PHD domain-mediated E3 ligase activity directs intramolecular sumoylation of an adjacent bromodomain required for gene silencing.

Tandem PHD and bromodomains are often found in chromatin-associated proteins and have been shown to cooperate in gene silencing. Each domain can bind specifically modified histones: the mechanisms of cooperation between these domains are unknown. We show that the PHD domain of the KAP1 corepressor functions as an intramolecular E3 ligase for sumoylation of the adjacent bromodomain. The RING finger-like structure of the PHD domain is required for both Ubc9 binding and sumoylation and directs modification to specific lysine residues in the bromodomain. Sumoylation is required for KAP1-mediated gene silencing and functions by directly recruiting the SETDB1 histone methyltransferase and the CHD3/Mi2 component of the NuRD complex via SUMO-interacting motifs. Sumoylated KAP1 stimulates the histone methyltransferase activity of SETDB1. These data provide a mechanistic explanation for the cooperation of PHD and bromodomains in gene regulation and describe a function of the PHD domain as an intramolecular E3 SUMO ligase.

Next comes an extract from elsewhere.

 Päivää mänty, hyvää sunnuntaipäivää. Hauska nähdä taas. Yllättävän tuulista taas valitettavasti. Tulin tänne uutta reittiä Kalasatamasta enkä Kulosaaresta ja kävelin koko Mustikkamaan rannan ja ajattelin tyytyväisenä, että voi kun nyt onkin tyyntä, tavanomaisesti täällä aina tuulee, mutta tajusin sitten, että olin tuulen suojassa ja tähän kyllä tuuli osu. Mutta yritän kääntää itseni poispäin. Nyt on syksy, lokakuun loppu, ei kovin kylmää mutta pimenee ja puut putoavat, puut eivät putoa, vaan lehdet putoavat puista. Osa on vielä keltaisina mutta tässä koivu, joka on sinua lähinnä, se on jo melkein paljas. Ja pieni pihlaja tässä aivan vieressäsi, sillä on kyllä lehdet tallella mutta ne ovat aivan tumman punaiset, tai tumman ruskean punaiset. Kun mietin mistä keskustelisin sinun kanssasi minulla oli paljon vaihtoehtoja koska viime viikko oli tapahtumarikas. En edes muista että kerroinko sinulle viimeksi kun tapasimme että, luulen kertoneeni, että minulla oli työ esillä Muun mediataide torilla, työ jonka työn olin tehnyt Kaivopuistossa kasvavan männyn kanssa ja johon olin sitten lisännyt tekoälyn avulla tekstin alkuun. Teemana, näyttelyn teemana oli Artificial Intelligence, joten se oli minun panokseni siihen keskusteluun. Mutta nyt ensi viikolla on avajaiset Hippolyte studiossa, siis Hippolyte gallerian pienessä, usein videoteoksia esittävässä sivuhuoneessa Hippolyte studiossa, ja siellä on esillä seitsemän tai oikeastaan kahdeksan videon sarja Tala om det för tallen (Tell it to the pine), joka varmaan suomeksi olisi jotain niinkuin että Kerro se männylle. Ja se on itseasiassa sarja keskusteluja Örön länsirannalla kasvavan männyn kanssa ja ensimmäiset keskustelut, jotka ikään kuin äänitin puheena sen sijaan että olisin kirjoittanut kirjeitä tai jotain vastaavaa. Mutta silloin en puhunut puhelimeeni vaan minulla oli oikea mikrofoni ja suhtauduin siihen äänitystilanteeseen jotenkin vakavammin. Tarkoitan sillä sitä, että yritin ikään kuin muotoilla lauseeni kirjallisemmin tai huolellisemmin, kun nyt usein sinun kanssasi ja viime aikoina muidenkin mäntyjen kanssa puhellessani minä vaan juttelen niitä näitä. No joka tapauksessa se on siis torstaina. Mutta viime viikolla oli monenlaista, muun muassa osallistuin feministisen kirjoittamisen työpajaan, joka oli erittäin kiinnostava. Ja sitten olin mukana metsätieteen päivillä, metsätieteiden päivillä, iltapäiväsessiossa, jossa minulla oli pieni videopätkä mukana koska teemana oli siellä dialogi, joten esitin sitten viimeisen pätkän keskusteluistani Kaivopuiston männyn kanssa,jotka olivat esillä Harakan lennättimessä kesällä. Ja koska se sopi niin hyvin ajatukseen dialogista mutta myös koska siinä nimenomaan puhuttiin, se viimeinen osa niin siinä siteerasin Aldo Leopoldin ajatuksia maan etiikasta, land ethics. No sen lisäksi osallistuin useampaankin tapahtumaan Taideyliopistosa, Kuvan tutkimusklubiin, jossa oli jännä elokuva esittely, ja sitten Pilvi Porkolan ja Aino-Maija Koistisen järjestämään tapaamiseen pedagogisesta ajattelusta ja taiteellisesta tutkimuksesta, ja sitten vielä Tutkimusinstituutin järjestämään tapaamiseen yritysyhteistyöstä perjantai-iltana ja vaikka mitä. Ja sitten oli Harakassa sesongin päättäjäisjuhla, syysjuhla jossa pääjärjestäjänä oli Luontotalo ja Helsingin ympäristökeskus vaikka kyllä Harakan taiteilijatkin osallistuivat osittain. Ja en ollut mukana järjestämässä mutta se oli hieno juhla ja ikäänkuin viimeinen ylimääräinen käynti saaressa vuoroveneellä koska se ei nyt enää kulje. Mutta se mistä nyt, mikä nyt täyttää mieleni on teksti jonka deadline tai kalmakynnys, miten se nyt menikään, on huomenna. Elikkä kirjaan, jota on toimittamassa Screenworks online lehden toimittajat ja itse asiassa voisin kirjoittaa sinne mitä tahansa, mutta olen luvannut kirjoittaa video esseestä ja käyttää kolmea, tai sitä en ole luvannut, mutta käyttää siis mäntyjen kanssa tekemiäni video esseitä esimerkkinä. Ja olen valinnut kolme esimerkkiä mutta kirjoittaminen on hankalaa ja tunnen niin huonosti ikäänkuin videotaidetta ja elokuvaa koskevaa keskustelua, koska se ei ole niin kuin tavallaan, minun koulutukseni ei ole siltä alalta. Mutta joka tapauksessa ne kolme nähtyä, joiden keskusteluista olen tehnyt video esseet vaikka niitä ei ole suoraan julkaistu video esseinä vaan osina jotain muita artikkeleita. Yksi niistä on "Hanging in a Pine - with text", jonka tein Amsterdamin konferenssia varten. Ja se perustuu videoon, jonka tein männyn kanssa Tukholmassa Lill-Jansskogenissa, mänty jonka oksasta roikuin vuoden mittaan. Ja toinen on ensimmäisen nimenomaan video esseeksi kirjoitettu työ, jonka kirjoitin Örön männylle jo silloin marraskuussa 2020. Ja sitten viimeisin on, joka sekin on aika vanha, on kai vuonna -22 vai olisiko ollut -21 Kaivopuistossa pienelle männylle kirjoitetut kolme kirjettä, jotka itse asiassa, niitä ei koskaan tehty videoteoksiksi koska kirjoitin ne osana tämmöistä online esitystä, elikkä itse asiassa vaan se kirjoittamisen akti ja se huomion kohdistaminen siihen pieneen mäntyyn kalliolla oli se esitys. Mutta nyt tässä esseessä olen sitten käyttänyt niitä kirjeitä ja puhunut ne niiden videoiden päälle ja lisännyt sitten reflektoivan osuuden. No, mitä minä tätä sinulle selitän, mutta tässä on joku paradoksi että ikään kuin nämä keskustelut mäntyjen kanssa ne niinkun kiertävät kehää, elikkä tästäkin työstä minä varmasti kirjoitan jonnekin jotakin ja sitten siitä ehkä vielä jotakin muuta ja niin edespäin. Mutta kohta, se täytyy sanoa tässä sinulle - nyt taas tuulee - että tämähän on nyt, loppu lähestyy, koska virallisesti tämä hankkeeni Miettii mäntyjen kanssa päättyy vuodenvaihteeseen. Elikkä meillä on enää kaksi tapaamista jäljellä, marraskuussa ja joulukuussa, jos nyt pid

The Ajuba LIM domain protein is a corepressor for SNAG domain mediated repression and participates in nucleocytoplasmic Shuttling.

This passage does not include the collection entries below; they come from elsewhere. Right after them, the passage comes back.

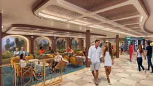 The largest stateroom with the best view on the ship, the Carnival Excel Presidential Suite features a separate living room and bedroom (each with a TV), a walk-in closet, a lighted vanity and sectional sofa. There’s also a dining area with a wet bar. You’ll find deluxe extras like a bathroom with large shower and two sinks, plus we put the toilet and an extra sink in a separate room for convenience and privacy. Enjoy your private tub on the large wraparound balcony along with plenty of loungy seating options and an al fresco dining table.
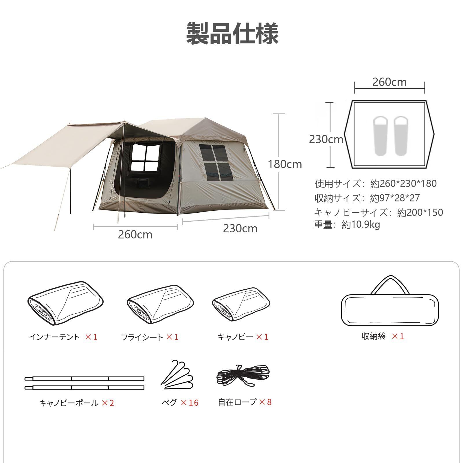 【2〜4に対応できる大空間】2〜4人用テント。展開サイズ:260*230*180cm、キャノピーサイズ:200*150cm 収納サイズ:97*27*27cm 、重量:約10.9kg 、フロア面積:約5.98㎡(4畳)。登山、キャンプ、ピクニック、テント音楽祭、スポーツイベント、ツアー、秋の行楽、春の行楽、釣り、お花見などに適しています。災害時の防災用品としても使えます。
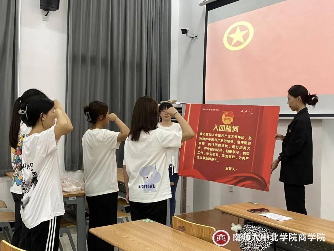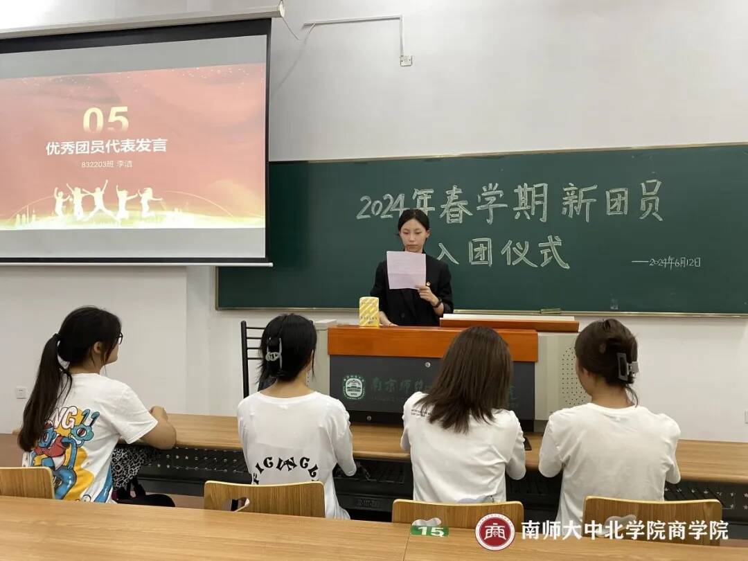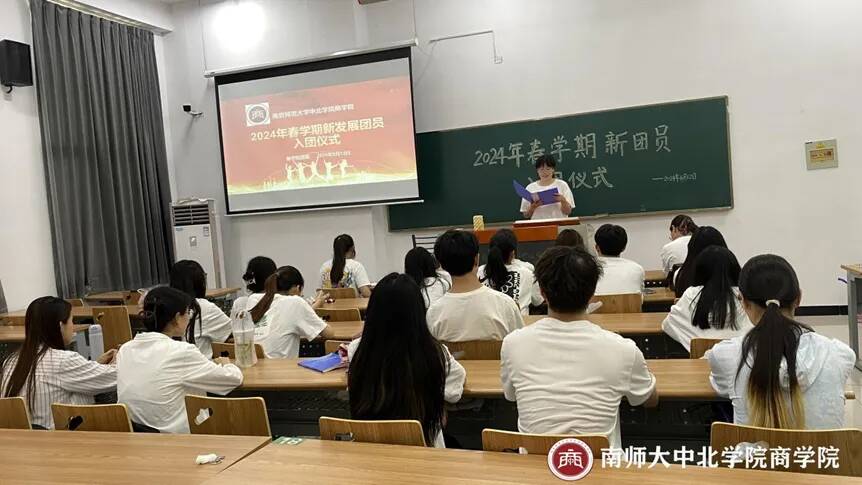 为深入学习贯彻落实党的二十大精神,进一步继承和发扬中国共青团的优良传统,增强团组织的凝聚力和向心力,提升团员的荣誉感、责任感和使命感,2024年6月12日下午4点,商学院于二教117教室举行2024年春学期新发展团员入团仪式。商学院团委书记顾丽超老师以及24位新发展团员参加本次活动,入团仪式由团委组织部负责人惠奕悦主持。

The SNAG repression domain is comprised of a highly conserved 21-amino acid sequence, is named for its presence in the Snail/growth factor independence-1 class of zinc finger transcription factors, and is present in a variety of proto-oncogenic transcription factors and developmental regulators. The prototype SNAG domain containing oncogene, growth factor independence-1, is responsible for the development of T cell thymomas. The SNAIL proteins also encode the SNAG domain and play key roles in epithelial mesenchymal differentiation events during development and metastasis. Significantly, these oncogenic functions require a functional SNAG domain. The molecular mechanisms of SNAG domain-mediated transcriptional repression are largely unknown. Using a yeast two-hybrid strategy, we identified Ajuba, a multiple LIM domain protein that can function as a corepressor for the SNAG domain. Ajuba interacts with the SNAG domain in vitro and in vivo, colocalizes with it, and enhances SNAG-mediated transcriptional repression. Ajuba shuttles between the cytoplasm and the nucleus and may form a novel intracellular signaling system. Using an integrated reporter gene combined with chromatin immunoprecipitation, we observed rapid, SNAG-dependent assembly of a multiprotein complex that included Ajuba, SNAG, and histone modifications consistent with the repressed state. Thus, SNAG domain proteins may bind Ajuba, trapping it in the nucleus where it functions as an adapter or molecular scaffold for the assembly of macromolecular repression complexes at target promoters.

MDM2 interaction with nuclear corepressor KAP1 contributes to p53 inactivation.

MDM2 is a RING domain ubiquitin E3 ligase and a major regulator of the p53 tumor suppressor. MDM2 binds to p53, inactivates p53 transcription function, inhibits p53 acetylation, and promotes p53 degradation. Here, we present evidence that MDM2 interacts with the nuclear corepressor KAP1. The binding is mediated by the N-terminal coiled-coil domain of KAP1 and the central acidic domain of MDM2. KAP1 stimulates formation of p53-HDAC1 complex and inhibits p53 acetylation by interacting with MDM2. Expression of KAP1 cooperates with MDM2 to promote p53 ubiquitination and degradation. The tumor suppressor ARF competes with KAP1 in MDM2 binding; oncogene induction of ARF expression reduces MDM2-KAP1 interaction. Depletion of endogenous KAP1 expression by RNAi stimulates p53 transcriptional activity, sensitizes p53 response to DNA damage, and increases apoptosis. Therefore, MDM2 interaction with KAP1 contributes to p53 functional regulation. ARF may regulate p53 acetylation and stability in part by inhibiting KAP1-MDM2 binding.